Sundar Pichai, CEO of Google, says the Gemini era of AI has begun. Google’s latest huge language model, Gemini, was teased at the I/O developer conference in June and is now public. According to Pichai and Google DeepMind CEO Demis Hassabis, it’s a major AI model advancement that will impact almost all of Google’s products. “Our ability to refine a single underlying technology and see its benefits ripple across all our products is truly powerful.”
Gemini has multiple AI models. Android smartphones can run Gemini Nano, a lighter version, natively and offline. The beefier Gemini Pro will run many Google AI services and will be Bard’s backbone starting today. Google’s most powerful LLM, Gemini Ultra, is aimed at data centers and enterprise applications.

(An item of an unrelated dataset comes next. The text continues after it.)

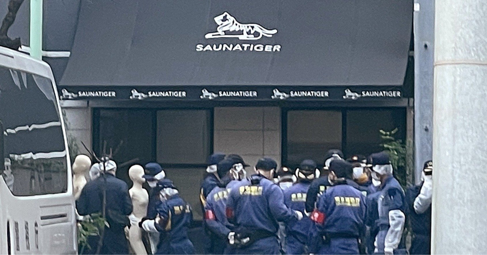 死亡事故が発生した個室サウナ店を調べる警視庁の捜査員 Photo:JIJI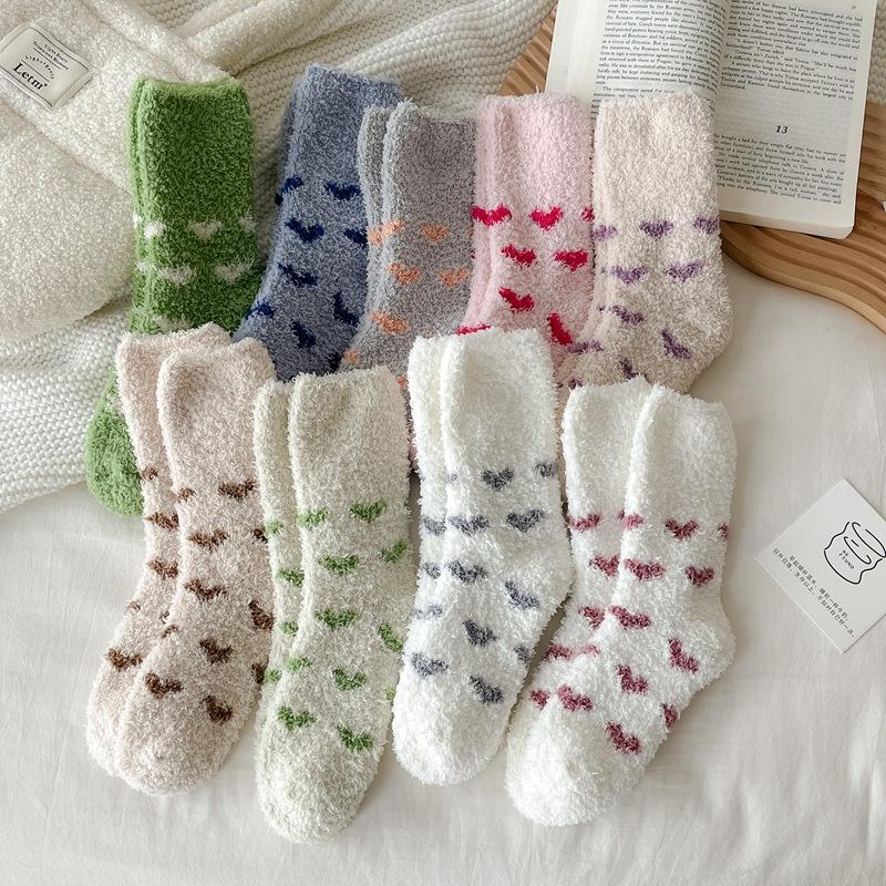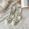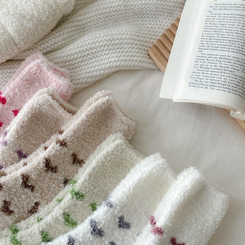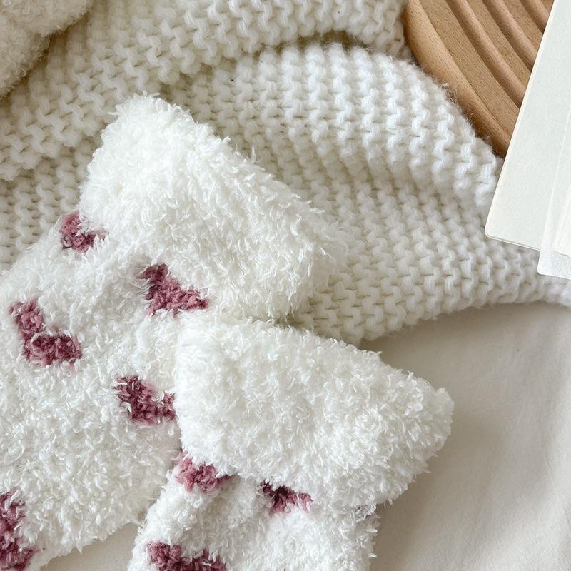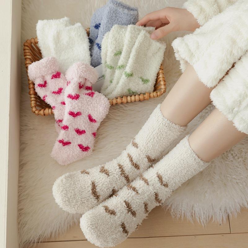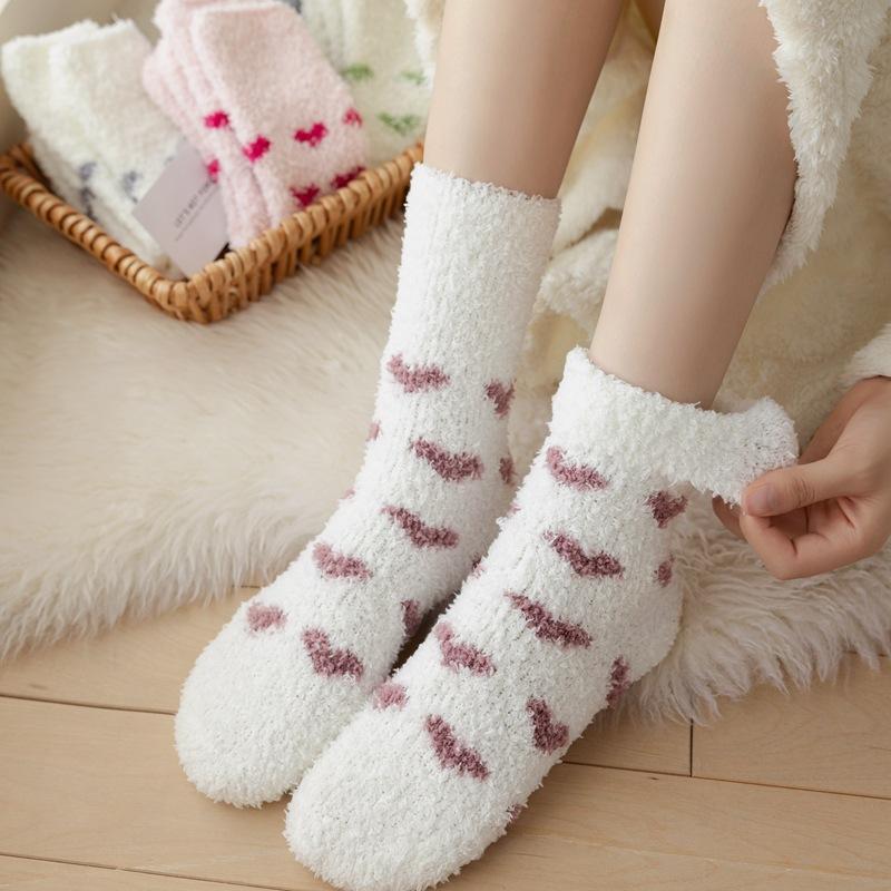 Meias de Lã Coral Moon para Mulheres Meias de Algodão Grossas Forradas de Lã Pós-parto Meias de Dormir Quentes para Casa Outono e Inverno

Google is now launching the model in several ways: Gemini Pro powers Bard, and Gemini Nano gives Pixel 8 Pro users new functionality. Gemini Ultra arrives next year. Developers and enterprises can access Gemini Pro through Google Generative AI Studio or Vertex AI on Google Cloud starting December 13. Gemini is now only available in English, but other languages are expected. But Pichai said the concept will eventually be integrated into Google’s search engine, ad products, Chrome browser, and more worldwide. Google’s future is here soon.
OpenAI debuted ChatGPT a year and a week ago, and the company and product became AI landmarks. Google, which created much of the foundational technology behind the current AI boom, has called itself an “AI-first” organization for nearly a decade and was embarrassingly caught off guard by ChatGPT’s success and OpenAI’s rapid adoption. It is now ready to fight back.
Following a comprehensive analysis comparing GPT-4 and Gemini across 32 benchmarks encompassing various areas like language understanding and code generation, Hassabis reveals Google’s confidence in Gemini’s capabilities. “We’re substantially ahead on 30 out of 32 benchmarks,” he announces with a smile, highlighting Google’s preparedness for this crucial AI showdown.
In those standards (which are typically close), Gemini’s biggest edge is its video and audio comprehension. Multimodality was always part of the Gemini plan. Google designed a multimodal model instead of training separate picture and audio models like OpenAI did with DALL-E and Whisper. “We’ve always been interested in very, very general systems,” says Hassabis. He wants to mix all of those modes to collect as much data as possible from any number of inputs and senses and deliver diverse replies.
The simplest Gemini models are text-in and text-out, whereas Gemini Ultra can handle graphics, video, and music. And “it’s going to get even more general than that,” says Hassabis. We still have action and touch—more like robotics. He claims Gemini will gain more senses, awareness, accuracy, and grounding over time. “These models just sort of understand better about the world.” Hallucinations, biases, and other issues persist in these simulations. As they learn, Hassabis believes, they’ll improve.
Benchmarks are merely benchmarks; therefore, Gemini’s genuine test will come from regular users who wish to brainstorm, research, write code, and more. Google claims that AlphaCode 2, its latest code-generating system, outperforms 85 percent of coding competition participants, up from 50 percent for the previous AlphaCode. However, Pichai claims that the approach will enhance almost everything.
Also crucial to Google is that Gemini is more efficient. It runs faster and cheaper than Google’s PaLM model because it was trained on tensor processing units. Google is also releasing the TPU v5p, a data center processing device for training and operating large-scale models, along with the new model.
According to Pichai and Hassabis, the Gemini launch represents both a start and a step forward. The paradigm Google has been pushing toward for years, Gemini, may have been ready before OpenAI and ChatGPT swept over the globe.
Google, which declared a “code red” after ChatGPT’s launch and has been playing catch-up since, appears to be sticking to its “bold and responsible” stance. Hassabis and Pichai said they won’t move too fast to keep up, especially as we get closer to artificial general intelligence, a self-improving, smarter-than-human AI that can revolutionize the world. “AGI will change things,” Hassabis says. I think we should be cautious with this active technology. Though cautious, optimistic.”
Google says it has tested and red-teamed Gemini internally and externally to verify its safety and responsibility. Pichai notes that enterprise-first offerings, where most generative AI earns money, require data security and reliability. Hassabis agrees that releasing a cutting-edge AI system may cause challenges and attack vectors no one could have imagined. “That’s why you have to release things,” he continues, “to see and learn.” Google’s Ultra release is gradual; Hassabis calls it a regulated beta with a “safer experimentation zone” for its most powerful and unfettered model. If Gemini has a marriage-destroying other personality, Google is attempting to find it first.
Pichai and other Google executives have praised AI for years. Pichai has often predicted that AI will revolutionize civilization more than fire or electricity. This first generation’s Gemini model may not change the world. It may help Google catch OpenAI in the battle to build great generative AI. Worst case, Bard stays boring and ChatGPT wins. But Pichai, Hassabis, and everyone else at Google appear to think this is the start of something big. The web made Google a tech powerhouse; Gemini could be bigger.